Aurora church offers example of increasing mental health support

 
 
Updated 9/6/2019 7:59 PM

The safeTALK training planned for Our Lady of Mercy Catholic Church in Aurora filled almost immediately after registration started, proving two things to organizers of the suicide awareness session:

There is a need for better mental health understanding, said Janice Hurtado Aeppli, senior director of the central division for the American Foundation for Suicide Prevention, and the public is increasingly comfortable seeking such support and understanding from religious organizations.

                                                                                                                                                                                                                       
 

Hurtado Aeppli is bringing safeTALK to her parish, where she figured it would be warmly received because of the new Open Hearts mental health ministry. The ministry is one example, she said, of the work faith groups are doing to better support their members who are experiencing mental or emotional challenges.

"There was such a stigma before, especially with faith organizations," she said. "But now people are coming to them.
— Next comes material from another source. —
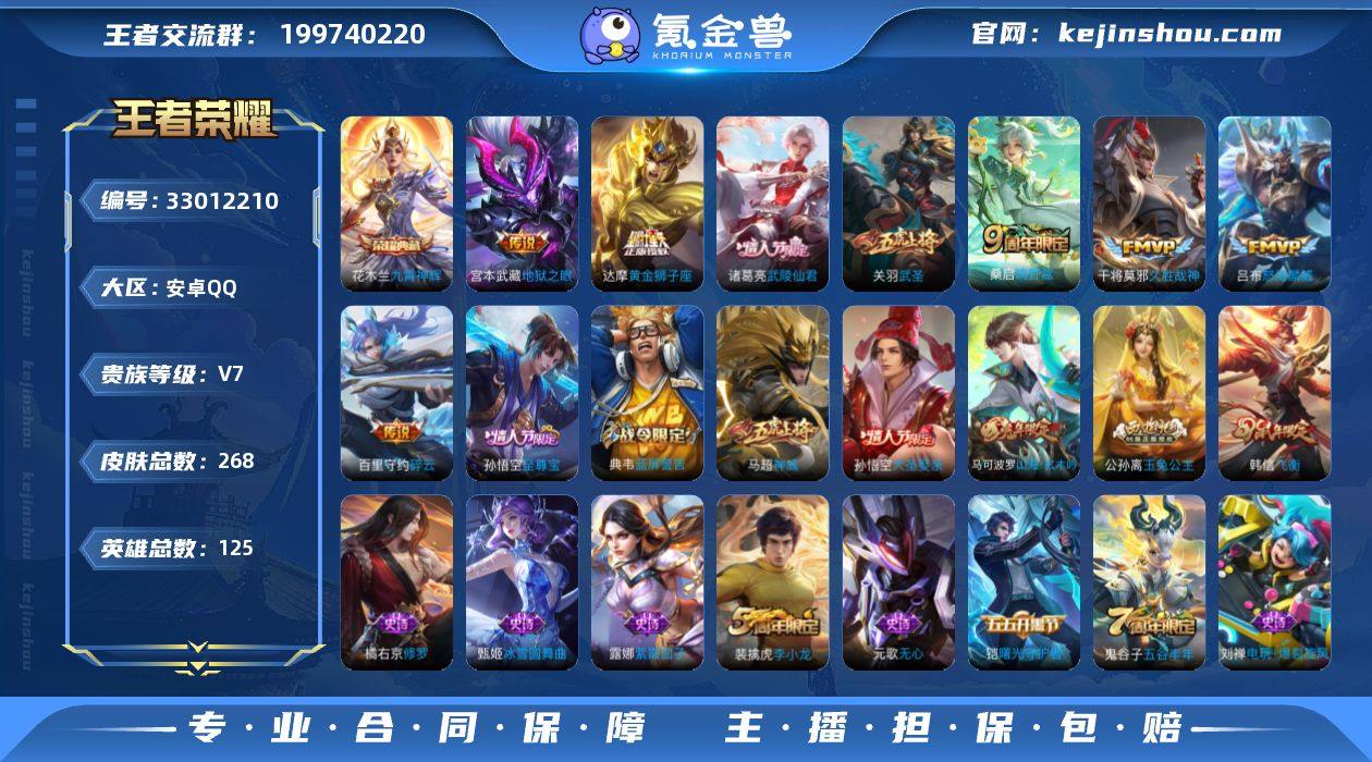 V7 1典藏 9传说 268皮肤 125英雄 【1水晶】花木兰-九霄神辉【9传说】百里守约-碎云,达摩-黄金狮子座,干将莫邪-久胜战神,宫本武藏-地狱之眼,关羽-武圣,诸葛亮-武陵仙君,吕布-怒海麟威,桑启-鸣野蒿【71史诗】元歌-无心,鬼谷子-五谷丰年,赵云-未来纪元,公孙离-玉兔公主,阿轲-节奏热浪,安琪拉-心灵骇客,白起-星夜王子,百里守约-特工魅影,百里玄策-原初追逐者,蔡文姬-舞动绿茵,曹操-幽灵船长,嫦娥-拒霜思,程咬金-功夫厨神,妲己-女仆咖啡,妲己-魅力维加斯,大乔-猫狗日记,狄仁杰-魔术师,狄仁杰-鹰眼统帅,典韦-蓝屏警告,貂蝉-圣诞恋歌,伽罗-箭羽风息,干将莫邪-真爱魔法,宫本武藏-鬼剑武藏,韩信-逐梦之影,韩信-飞衡,花木兰-水晶猎龙者,橘右京-修罗,铠-曙光守护者,兰陵王-暗隐猎兽者,李白-千年之狐,李元芳-逐浪之夏,廉颇-地狱岩魂,刘邦-德古拉伯爵,刘禅-绅士熊喵,刘禅-天才门将,露娜-紫霞仙子,吕布-圣诞狂欢,吕布-末日机甲,马超-神威,墨子-金属风暴,裴擒虎-李小龙,沈梦溪-月团寄思,孙策-猫狗日记,孙尚香-水果甜心,孙尚香-蔷薇恋人,孙悟空-大圣娶亲,孙悟空-至尊宝,王昭君-偶像歌手,夏侯惇-乘风破浪,小乔-缤纷独角兽,雅典娜-冰冠公主,雅典娜-黎明之约,亚瑟-心灵战警,嬴政-摇滚巨星,云中君-...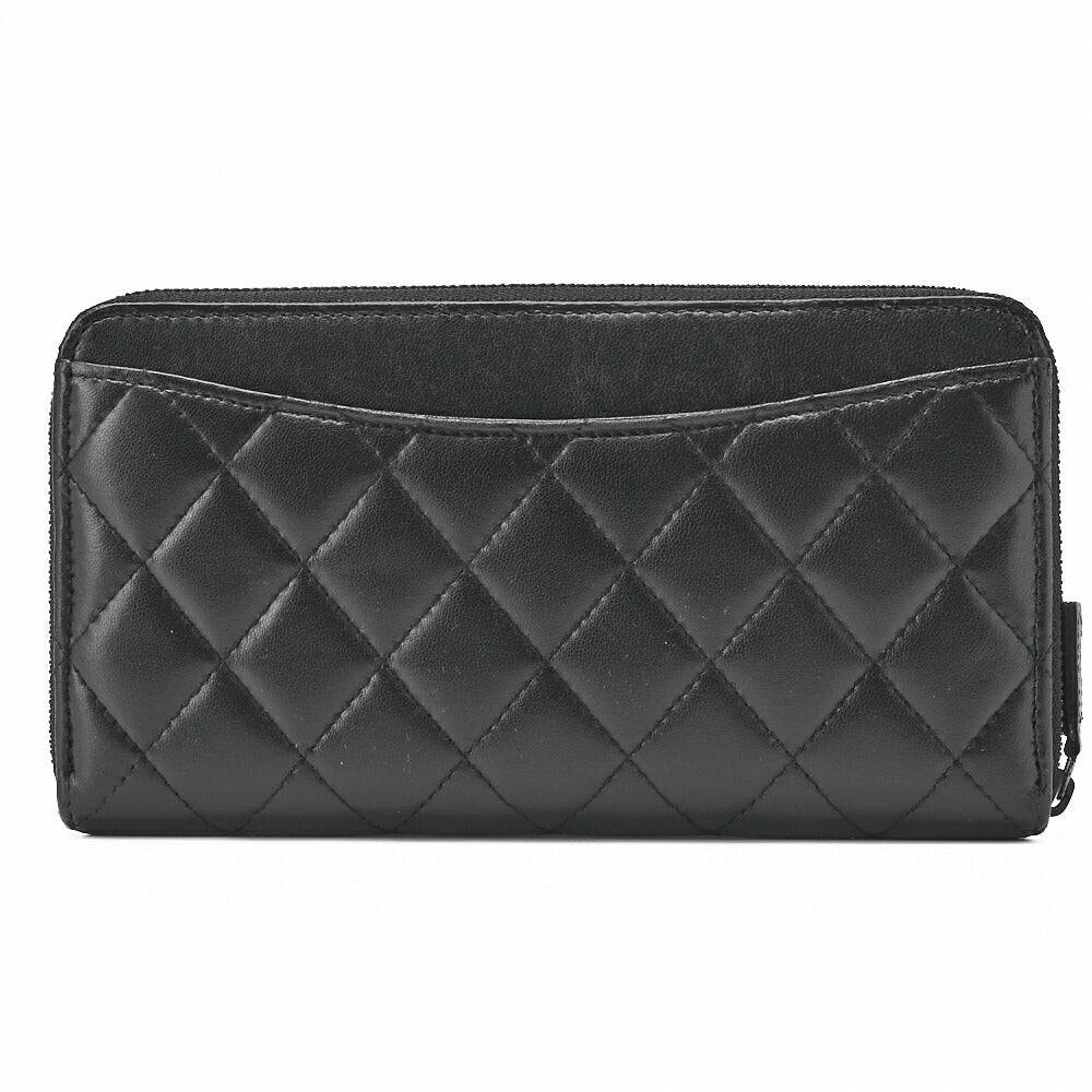 Pre-Owned Long Wallet Matelasse Lambskin Black Gold-Tone Hardware Pre-Owned

They're providing care as well, and we want to make sure people are trained."

That's why the Open Hearts group is collaborating with the Foundation for Suicide Prevention to bring the safeTALK seminar to parishioners.

The free session Saturday will teach a full class of 30 participants how to talk with and provide initial help to someone who might be experiencing thoughts of suicide, said Robert Hopper, a safeTALK suicide prevention trainer who works for Volunteers of America in Chicago.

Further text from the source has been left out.